Although ophthalmology has historically tended to produce greater private practice opportunities1, the changing medical profession workforce (i.e., increased gender and ethnic diversity; older resident age; increased expectations for career satisfaction; as well as changing child-rearing roles for either parent) may contribute to increased interests in academic medicine or other medical practice options.

Another career factor of increased interest is the application of information and diagnostic technologies. Computer technology and mechanical devices were found to be more an interest to residency candidates than those in practice, perhaps explained by the fact that younger generations are more informed about technology.

Surprisingly, prospective female residents revealed the most interest in computer technology applications perhaps due to its time-saving efficiencies. This has additional implications for evidence-based practice and telemedicine. Patients who are better informed will use information access via the Internet and physician e-mail than ever before.5 In this way, computer based resources will benefit resident training and professional practice.

The influence of candidate family and personal values were found to be more highly rated than those in practice. Women residents appear to be concerned about balancing family and career issues for career satisfaction. Women physicians are found to have 20% fewer work hours than males.5 This may be an important consideration in resident recruitment and curriculum that allow for a balanced career-family lifestyle.

We recommend that resident faculty include career factors related to graduate medical education general competencies (e.g., Patient Care; Communications and Interpersonal Skills; Professionalism; etc.) during the recruitment interview process. Such recommendations may be of special concern to residency programs affiliated with academic health centers where shorter patient hospital stays and a lesser emphasis on teaching in out-patient clinics place added burdens on faculty to teach important career factors.10 Residency programs need to consider the critical factors that determine career satisfaction when recruiting prospective colleagues. In addition, core curriculum designs should incorporate practice management objectives related to Career and Financial Issues in clinical practice. The perceptions of Personal-Family Issues are important for both recruitment and instruction of residents as well as medical students. Career planning during medical school and residency training should be offered so that career, personal and financial issues are effectively explored.

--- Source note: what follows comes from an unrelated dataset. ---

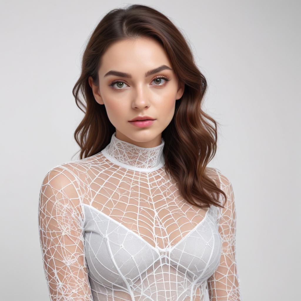 A young woman poses confidently in a sheer, lace outfit featuring intricate spiderweb patterns. Her hairstyle and makeup enhance her modern look.
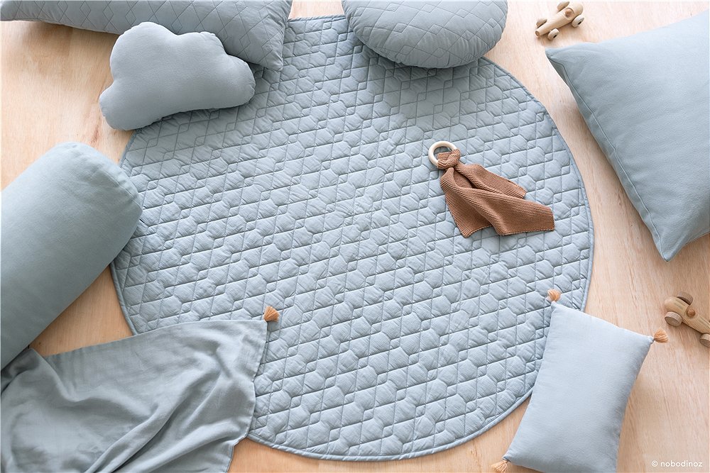 Wunderschöne Struktur. Der Spielteppich Kiowa von Nobodinoz überzeugt mit seiner besonders schönen Oberfläche in zarten Pastellfarben, die mit hübschen Mustern charmant abgesteppt ist. Die kreisrunde Spielmatte mit einem Durchmesser von 105 cm ist mit einer Füllung aus Polyester weich gepolstert. Damit wird sie schnell zum Liebling aller Kids und Eltern, die sich auf dem Kinderzimmer Fußboden zum Spielen treffen. Die gesteppte Textur aus Bio-Baumwolle ist aus OEKO-TEX®-zertifiziertem Stoff gefertigt und besonders hochwertig verarbeitet. Wir bieten den Teppich in den Farben blau, grün rosa und Natur an. Das Steppmuster variiert je nach Bezugsfarbe in Form von Wellen, Zickzack oder hübschen Rhomben. Kombiniere die runde Spielmatte mit weiteren Kissen, den passenden Spielmatratzen, einem Kinderzelt oder Betthimmel und schaffe so eine gemütliche Wohlfühlatmosphäre mit wunderschönem Design im Kinderzimmer deiner Liebsten. Wir wünschen viel Freude mit dem Spielteppich Kiowa von Nobodinoz.

In this way, important core competencies for interpersonal communications, professionalism and medical practice are considered particular strengths associated with women candidates.

Therefore, guiding the process of career expectations assists medical students and residents towards effective career decision-making. A changing patient population by ethnicity and age demographics coupled with greater competition in the ambulatory care setting will further influence decisions for practice options. Creating experiences that include private practice role modeling may likewise create a more realistic perception of ophthalmology practice. Moreover, assessing career critical factors may fortify resident general competencies in such domains as interpersonal and communications skills; professionalism; and systems-based practice. Therefore, resident career critical factors may enhance their career satisfaction and longevity as future ophthalmologists to meet the vision care needs of a changing and diverse patient population.

Acknowledgements

Dr. Tom Prager (UT Houston) provided statistical and graphical support.


References

  1. Pankratz MJ, Helveston EM. Ophthalmology: The resident’s perspective. Arch Ophthalmol 1992 110:37-43.
  2. Kay LE, D’Amico F. Factors influencing satisfaction for family practice residency faculty. Fam Med 1999 31 (6): 409-14.
  3. Weaver SP, Mills TL, Passmore C. Job satisfaction of family practice residents. Fam Med 2001 33 (9): 678-82
  4. Debas H. Surgery: A noble profession in a changing world. Ann Surg 2002 236 (3) 263-9.
  5. Gabram SG, Hoenig J, Schroedeer JW Jr., Mansour A, Gamelli R. What are the primary concerns of recently graduated surgeons and how do they differ from those of the residency training years? Arch Surg 2001 136 (10): 1109-14.
  6. Brian RS. Women in medicine. Amer Fam Physician 2001 64 (1):174-7.
  7. Bergus GR, Randall CS, Winniford MD, Mueller CW, Johnson SR. Job satisfaction and workplace characteristics of primary and specialty care physicians at a bimodal medical school. Acad Med 2001 76 (11): 1148-52.
  8. Mayer, KL, Perez RV, Hung SH. Factors affecting choice of surgical residency training programs; J of Surg Res 2001 98: 71-75
  9. Xu G, Rattner SL, Veloski J, Hojat M, Fields SK, Barzansky B. (1995) A national study of the factors influencing men and women physician’s choices of primary care specialties. J Acad Med 1995 70 (5): 398-404.
  10. Commonwealth Fund Report. Training tomorrow’s doctors: The medical education mission of academic health centers. A Report of the Commonwealth Fund, New York; 2002.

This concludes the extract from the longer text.